Язык становится на место привилегированной когда-то истории именно тогда, когда направленная на него рефлексия выявляет, что язык не прост и не прозрачен для нас, он скорее призрачен – он ускользает, он смущает, смещает и путает, он хитрый, лукавый, обманчивый. Он охотно служит многим господам сразу именно потому, что у него нет подлинного хозяина. Напротив, он охотно хозяйничает надо всеми, кто полагает, что является хозяином в доме языка. Именно поэтому подходы к языку могут пестрить и разниться до противоположности: можно приближаться к нему как Витгенштейн, а можно как Хайдеггер, а можно вообще как Сталин, известный ученый-языковед. Язык пластичен до немыслимых масштабов, однако власть его крепче титановых цепей. Философия вплоть до ХХ века почти никогда не считала проблематизацию языка своим основным занятием (и Сократ у Платона всякий раз сползает с языка в онтологию), именно поэтому теперь она вся превратилась для нас в проблему: как могли эти люди мыслить мышление, когда они не мыслили языка, в котором это мышление дано? Теперь, когда многие языковые ловушки разверзлись перед нами подобно бескрайним минным полям, отчего мы должны продолжать верить в то, что все они – аквинаты, декарты, лейбницы, канты – все они вполне понимали, о чем говорят, и все они все еще заслуживают доверия? Нам хочется верить, что – понимали, что – заслуживали, но твердой уверенности в этом нет. Поэтому чисто по-человечески, пускай не интеллектуально, понятен типаж вроде Бертрана Рассела, который с чистейшей совестью пишет огромный том о том, что до него в философии были одни, как на подбор, дегенераты. Почему? Да потому, что они не думали о главном – о логике, понятой как логика языка. Однако очень скоро и Рассел перед лицом Витгенштейна стал казаться слабоумным.

Для простоты мы назовем это кризисом однозначности, например, или кризисом прозрачности языка. Эта новая проблема очевидным образом корреспондирует со всеми теми проблемами, которые мы обозначили выше. К примеру, проблема тождества – это прежде всего проблема именно языкового тождества, проблема однозначности знака. Знак означает вот это и именно это – не знаете, посмотрите в словарь, как говорил Витгенштейн.
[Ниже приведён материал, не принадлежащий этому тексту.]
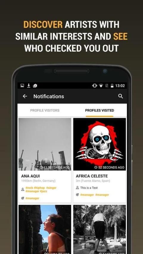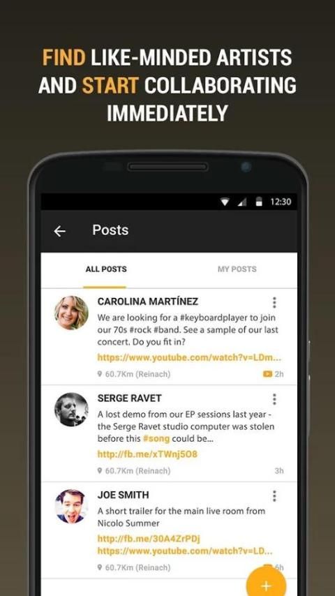 - ­Add projects to your profile by connecting your YouTube or Soundcloud account ­ Search for artists near you based on interests and other keywords.

Он, конечно, лукавил, потому что словарь не снимает проблему, если значений у знака много, а их всегда много – реально или потенциально.

Далее, проблема оппозиций: черное/белое, хорошее/ плохое. Однако и оппозиции являются функциями языка, если вспомнить Соссюра. В том-то и дело, что всякий знак определяется через сеть оппозиций, и черное – это именно что не белое, значение черного не в сущности, но в функции, в различении между одним и другим, черным и белым. Петр не потому Петр, что он Петр сущностно и сам по себе, а просто потому, что он не Павел. Петр и есть «не Павел», а собственно «Петр» есть операциональный знак для «не Павла», как субстантивированное различие. Возвращаемся к предыдущей проблеме тождества: нет, знак не тождественен сам себе, он прежде всего отличен от другого знака и получает свое функциональное тождество только в результате первичного различия. Именно так: различие раньше тождества. Пожалуй, именно это положение лингвистики ХХ века можно счесть наиболее революционным – прежде всего по последствиям, чаще всего именно внелингвистическим.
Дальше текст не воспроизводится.